## DIRECTIONS
An exact, complete copy of the entries is needed, with the pictures left out.

## DATASET ENTRIES
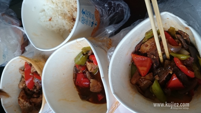 Hari ke -4, kami tapau aje makan malam. Semua sedap….nasi yang sedap, ayam, daging lembu dan kentang . Dari pemeerhatian, makanan di Guilin dibungkus menggunakan mangkuk kertas seperti ini.
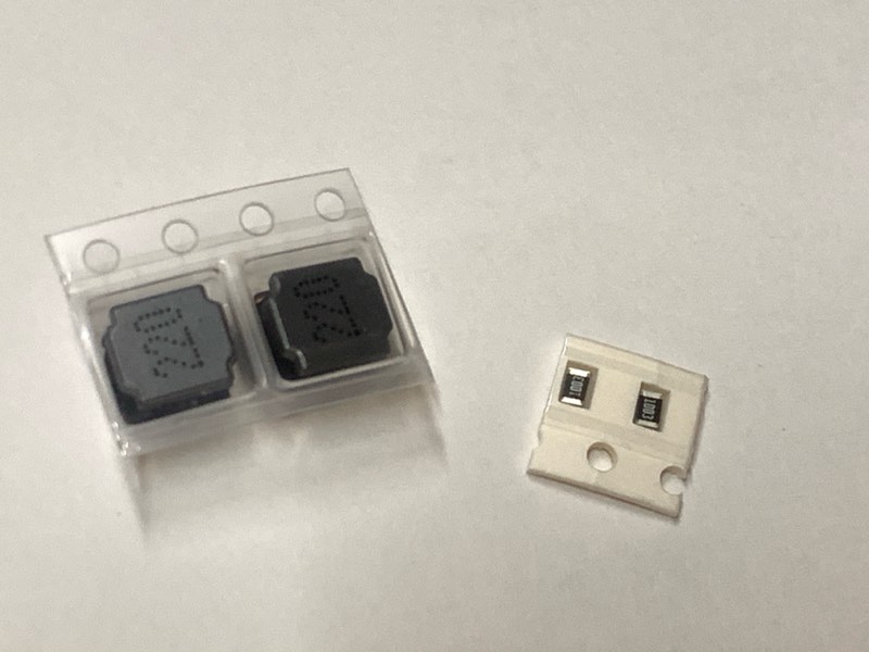 続いて、インダクタと抵抗。インダクタは大きいのですぐに分かるでしょう。抵抗は値が印字されています。4桁表示ですので、例えば、2200が200Ω、1002が10kΩです。
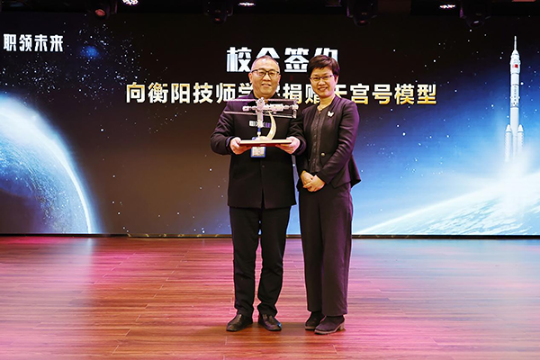 活動(dòng)伊始,全體人員觀看了航天主題宣傳視頻,回顧我國航天事業(yè)的輝煌成就?,F(xiàn)場,學(xué)院與上海銀領(lǐng)智造科技有限公司簽署校企合作協(xié)議,周少良與企業(yè)代表王紅峰共同簽約,王瀾代表學(xué)院接受企業(yè)捐贈(zèng)的“天宮號(hào)”模型。
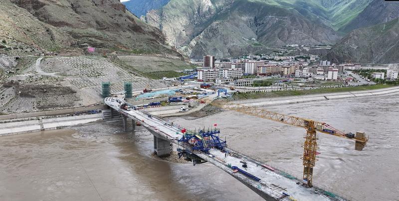 8月1日,朗縣惠州大橋主橋成功合龍。圖片由惠州援藏工作組提供
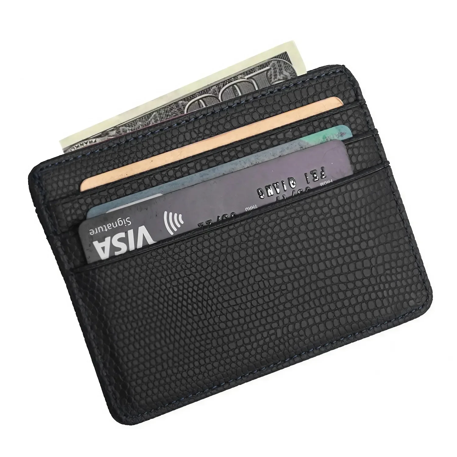 Mini Reise Kartenetui aus PU-Leder – Kompakte Geldbörse mit Echsenprägung, Sichtfenster & Reißverschluss für Damen & Herren

## TASK RESPONSE
 Hari ke -4, kami tapau aje makan malam. Semua sedap….nasi yang sedap, ayam, daging lembu dan kentang . Dari pemeerhatian, makanan di Guilin dibungkus menggunakan mangkuk kertas seperti ini.
 続いて、インダクタと抵抗。インダクタは大きいのですぐに分かるでしょう。抵抗は値が印字されています。4桁表示ですので、例えば、2200が200Ω、1002が10kΩです。
 活動(dòng)伊始,全體人員觀看了航天主題宣傳視頻,回顧我國航天事業(yè)的輝煌成就?,F(xiàn)場,學(xué)院與上海銀領(lǐng)智造科技有限公司簽署校企合作協(xié)議,周少良與企業(yè)代表王紅峰共同簽約,王瀾代表學(xué)院接受企業(yè)捐贈(zèng)的“天宮號(hào)”模型。
 8月1日,朗縣惠州大橋主橋成功合龍。圖片由惠州援藏工作組提供
 Mini Reise Kartenetui aus PU-Leder – Kompakte Geldbörse mit Echsenprägung, Sichtfenster & Reißverschluss für Damen & Herren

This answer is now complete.